# Cape Cobra



## Snakes_Incorporated (Jun 4, 2010)

Cape Cobra( Naja nivea)


----------



## Elapidae1 (Jun 4, 2010)

Nice one mate are they 3 different snake, 1st pic looks a decent size


----------



## $NaKe PiMp (Jun 4, 2010)

whoa! there is something we dont see everyday on this site,such a relief from the barrage of coastal carpet and childrens pythons photos that assault my eyes every friggen thread LOL
thank you for sharing,you see we love our elapids here,and we love your cape cobra mate
hey the first pic looks the same colour as an eastern brown


----------



## Snakes_Incorporated (Jun 4, 2010)

The two top pics are the same animal. These guys come in various colours.


----------



## Benjamin (Jun 4, 2010)

great looking animals...



male



female

upper there you can see my breeding pair.
This year she laid seven very good looking eggs, so waiting for babies

Have fun
Benjamin


----------



## Elapidae1 (Jun 4, 2010)

congrats Ben, hope all goes well with the eggs.

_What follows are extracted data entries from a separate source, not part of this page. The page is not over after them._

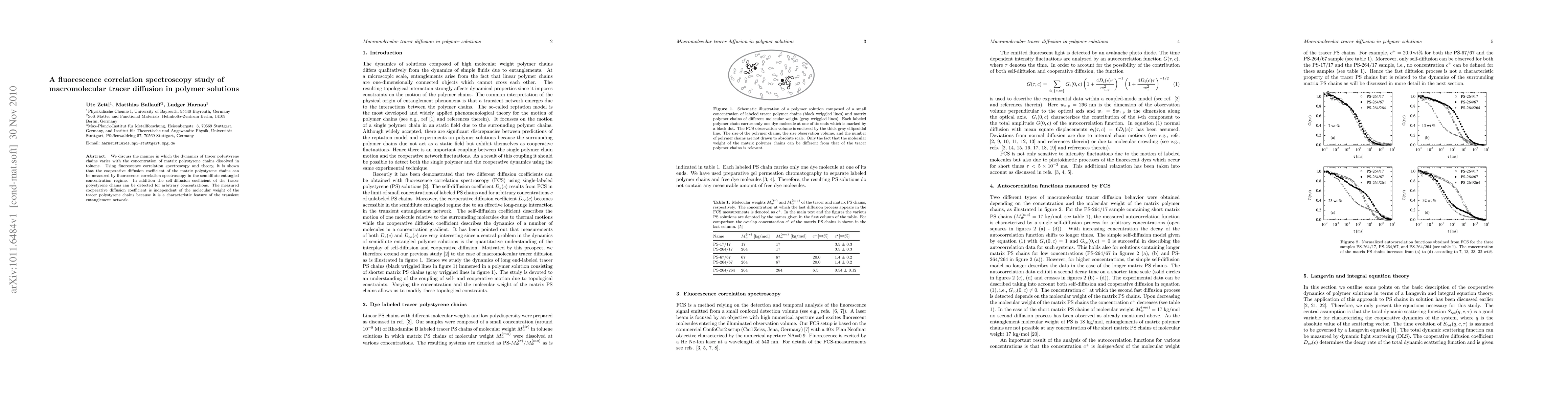 This study employs fluorescence correlation spectroscopy to investigate the diffusion dynamics of tracer polystyrene chains in polymer solutions, revealing that the cooperative diffusion coefficient of matrix chains is independent of tracer molecular weight and characteristic of the transient entanglement network, while the self-diffusion of tracers varies with concentration.
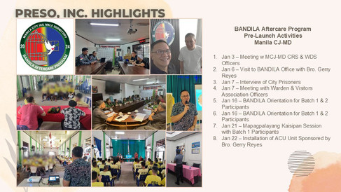 The BANDILA (Bagong Buhay ng Dating Inalisan ng Laya) Aftercare Program of the Manila City Jail Male Dormitory, which is being implemented with the Missionary Sisters of St. Columban and supported by PRESO, Inc. was formally launched last January 30. Prior to this, a series of coordination meetings with MCJ-MD Management and the MCJ-MD Visitors Association, and orientation sessions with PDL due for release from January-March 2025 were conducted.
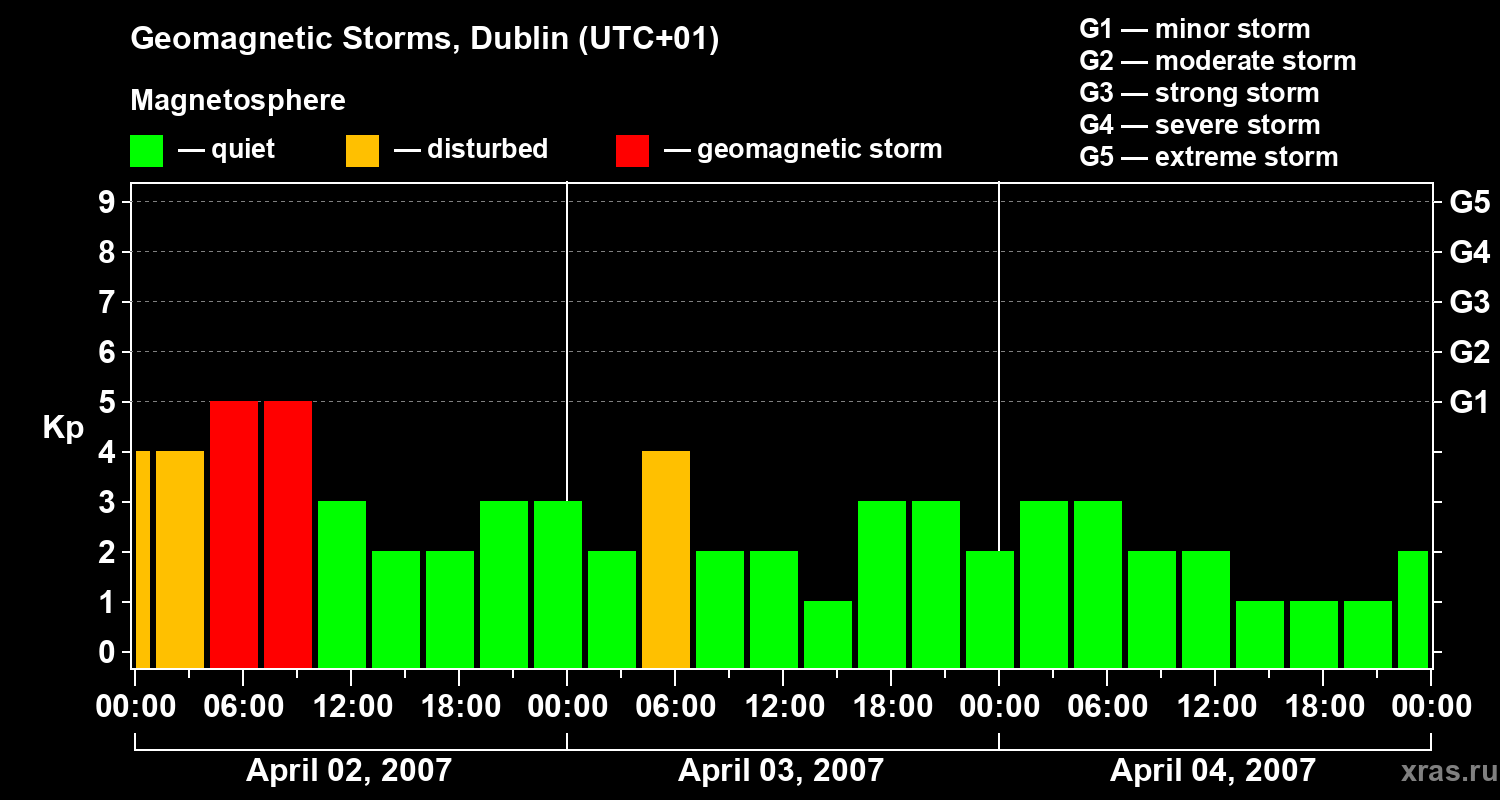 Geomagnetic storms in Dublin on Apr 04, 2007
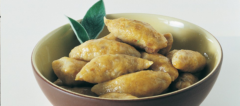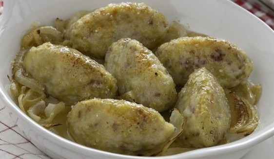 In una teglia di coccio imburrata mettere uno strato di gnocchi cospargerli di cipolla e burro fuso. Fare un secondo strato e cosi via fino al termine, l’ultimo strato sarà cosparso di pangrattato e noci.
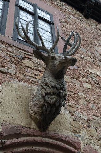 Folgt man dem Rundgang, so gelangt man in die oberen Stockwerke, in denen sich die prächtig gestalteten Zimmer mit Jagdwaffen, gedeckten Tafeln, reich verziertem Mobiliar und alten Gemälden befinden.
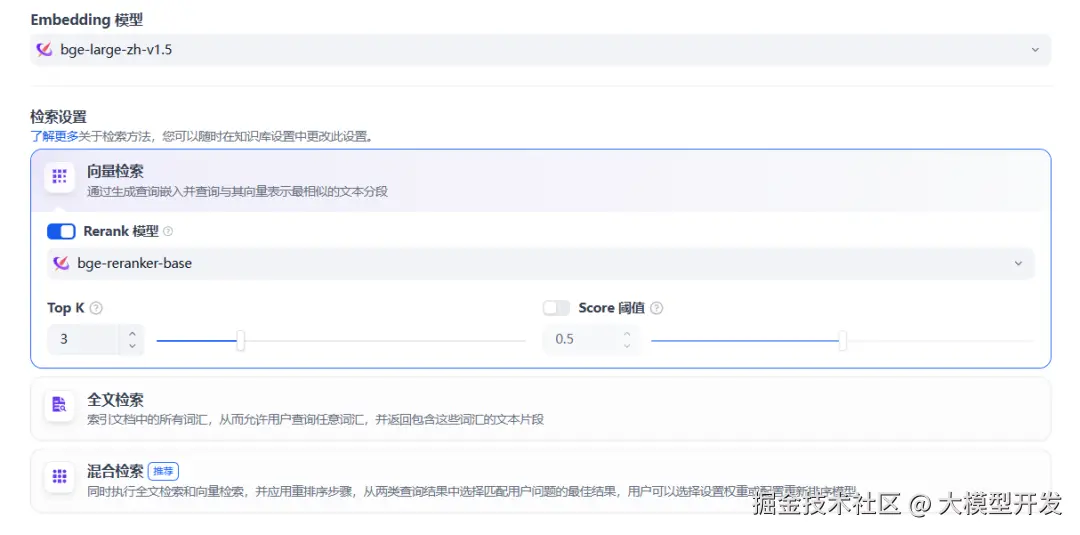 在这里可以选择Embedding模型和Rerank模型,也可以设置Top K,也就是选出最相似的前n条。选择Score阈值,即筛选文本的相似度阈值。
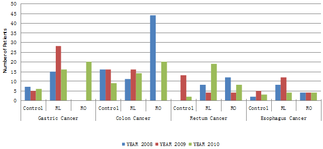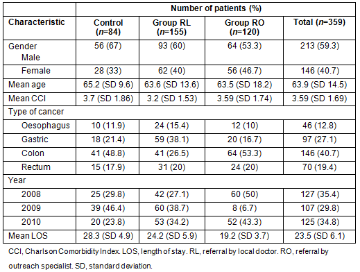 Patients from Gujiao, Loufan, and Yangqu counties admitted for surgical treatment of digestive tract cancer within the general surgery department of Taiyuan Central Hospital were sampled from January 2008 to December 2010. Patients directly admitted without referral were designated as the control group. Patients referred from secondary hospitals within the consortium were grouped into referral by outreach specialists (RO) and referral by local doctors at secondary hospitals (RL), respectively.
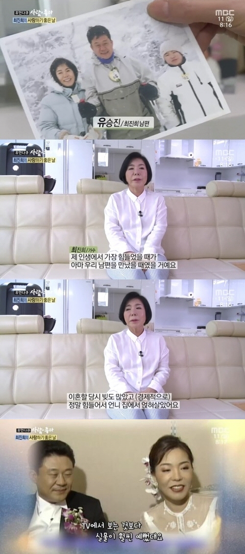 가수 최진희가 남편과의 결혼 스토리를 공개했다.
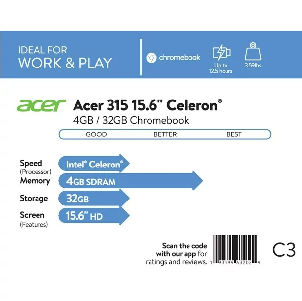 Tags: 15.6 Inch, 32gb ssd, 4gb ram, acer, cb315-3h-c2c3, celeron n4000, chromebook
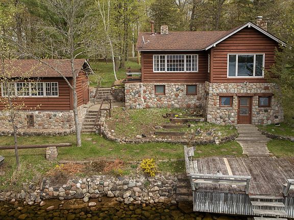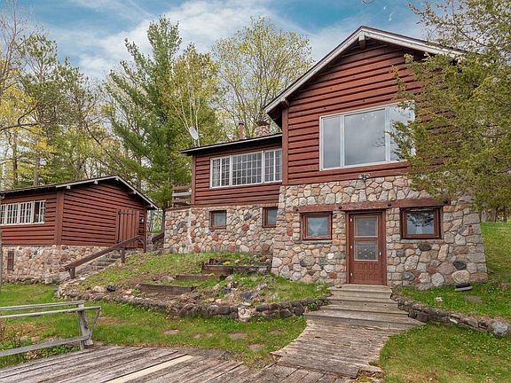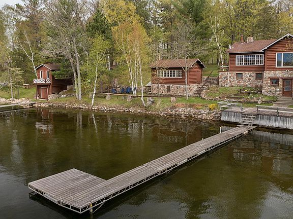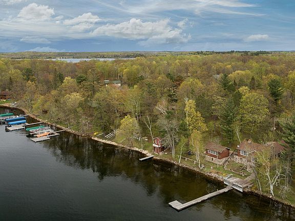 Legacy property on prestigious Brighton Point Road of Bay Lake finds this incredible parcel of land including 200' of west facing shoreline with 10 additional lots across the road for a total of 3.2 acres. Set among the towering pines are the nostalgic cabin with stunning lakeside views from the Great Room, wood burning fireplace, two bedrooms and a sun room facing the lake, with the kitchen and dining area just down the steps in the lower level. There are two additional lakeside bunk houses, each with plenty of space for guests, or entertaining with the summer breezes off the lake while watching the beautiful sunsets. This property offers the opportunity to enjoy the nostalgic cabin, which has enjoyed some recent updates, while planning the renovation of the current structures, or looking forward a few years to starting over with your new dream lake home built on one of the most spectacular parcels on Bay Lake. New 3 bedroom septic installed in 2021.
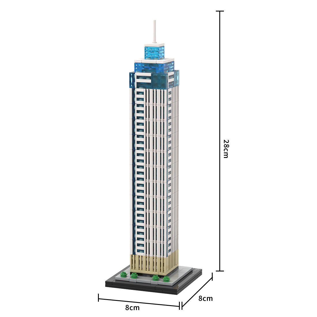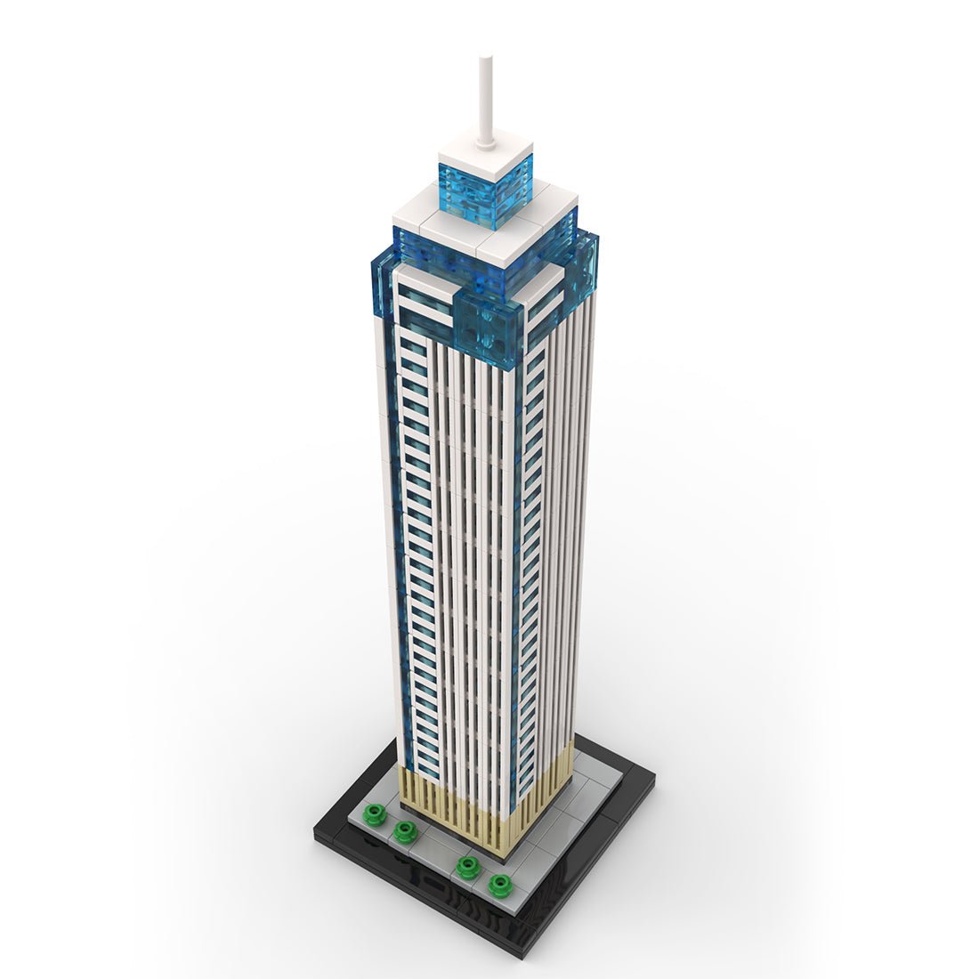 Diese detailgetreue Nachbildung eines berühmten Wolkenkratzers basiert auf einem Bausteinmodell. Seine hohe, schlanke Silhouette besticht durch eine klare Farbpalette aus weißen, grauen und blauen Ziegeln. Versetzt angeordnete, transparente blaue Elemente simulieren die Glasfassade und erzeugen so den luftigen, modernen Look des Originals. Der goldfarbene Sockel greift die metallische Oberfläche des Fundaments auf, und der blaue Farbverlauf mit der schlanken Antenne bildet die ikonische Skyline des Wahrzeichens präzise nach. Das Modell wird mit einem minimalistischen schwarzen Sockel geliefert, der mit grünen Elementen die umgebende Vegetation symbolisiert und so einen Hauch von urbanem Flair verleiht.
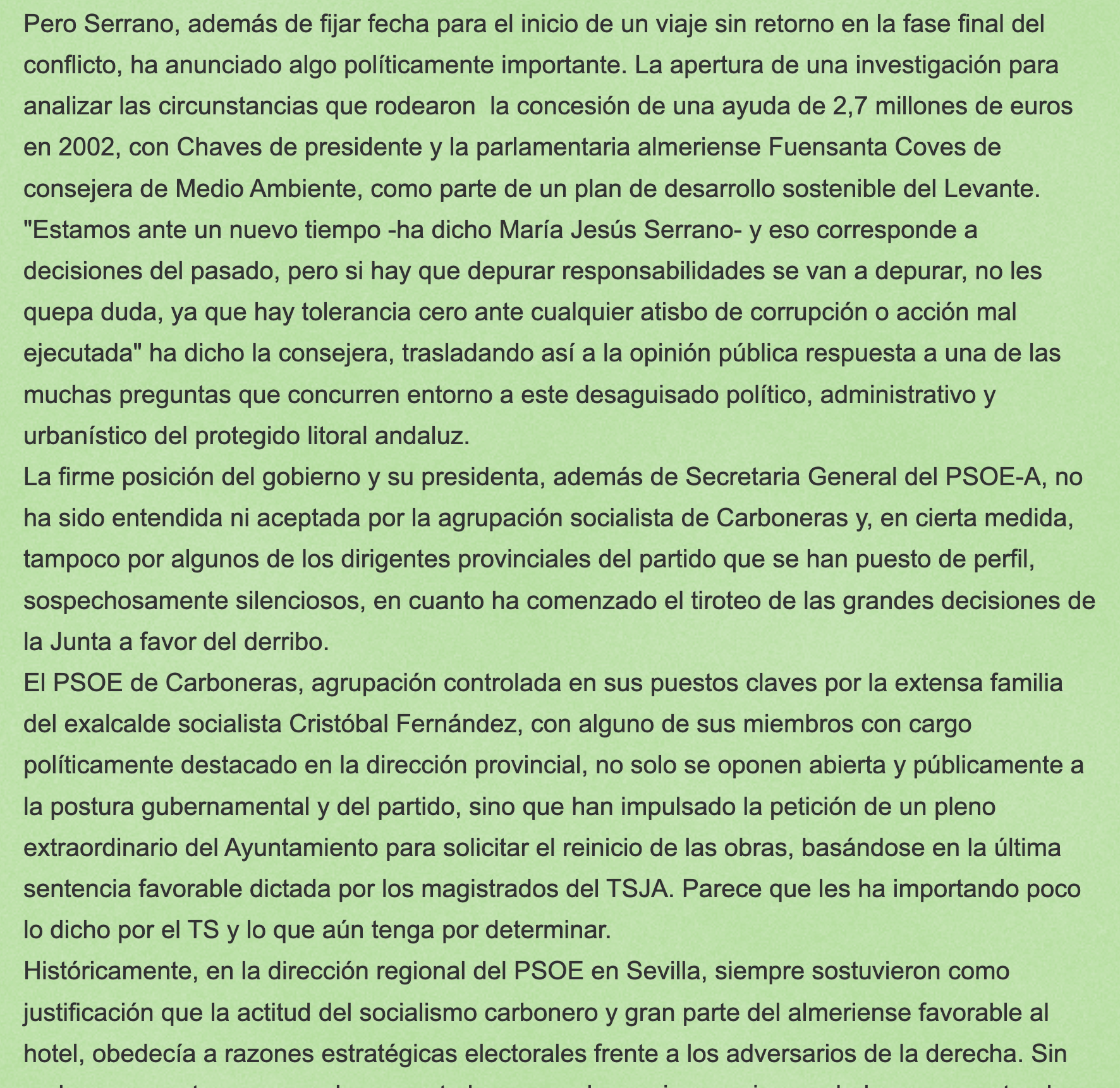 Ese episodio, gestado desde la agrupación de Carboneras con el alcalde Cristóbal Fernández como figura clave y bendecido desde Sevilla por pura aritmética interna, dejó una cicatriz política que el partido jamás logró cerrar. Ni siquiera el recorrido de figuras solventes como los alcaldes de Almería Santiago Martínez Cabrejas o Fernando Martínez fue suficiente para restablecer la credibilidad perdida, porque la mancha del Algarrobico se convirtió en un recordatorio permanente de cómo se gestionaba el poder cuando el territorio se subordinaba a intereses internos del partido o a dirigentes muy concretos y nada ejemplares por cierto, el alcalde Fernández tuvo que ser indultados por José Luis Rodríguez Zapatero para poder volverse a presentar y seguir en la política local.
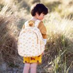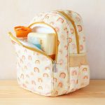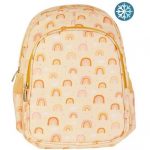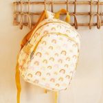 תיק גן גדול בצבע כתמתם עם איור של קשת בענן
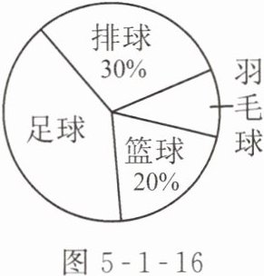 4. 某校对八年级爱好排球、足球、篮球、羽毛球的学生人数进行统计,得到如图$5 - 1 - 16$的扇形统计图.已知爱好排球的有$21$人,爱好足球的人数是爱好羽毛球的人数的$4$倍,则下列结论正确的是……【

Do cobra's flare their hood out in defence or is it constantly present? if not I would love to see a pic without the hood flared.


----------



## JungleRob (Jun 4, 2010)

Dis nou fokken mooi!

Got any Rhinkals?

Nice animals guys.


----------



## Snakes_Incorporated (Jun 4, 2010)

JungleRob said:


> Dis nou fokken mooi! Got any Rhinkals?....


Nee hull spoeg en maak alles vuil. LoL. I have a small collection of pictures of some Rinkals but cant handle cleaning after the critters.


----------



## ShnakeyGirl (Jun 4, 2010)

They are just stunning guys. Cobra's in general are one of my favourite elapids


----------



## JungleRob (Jun 4, 2010)

Snakes_Incorporated said:


> Nee hull spoeg en maak alles vuil. LoL. I have a small collection of pictures of some Rinkals but cant handle cleaning after the critters.



Haha...true! Brings back memories of the one we had. The glass used to get very messy. Everytime you walk past it would be up and spraying everywhere. Two neat lines down the glass.


----------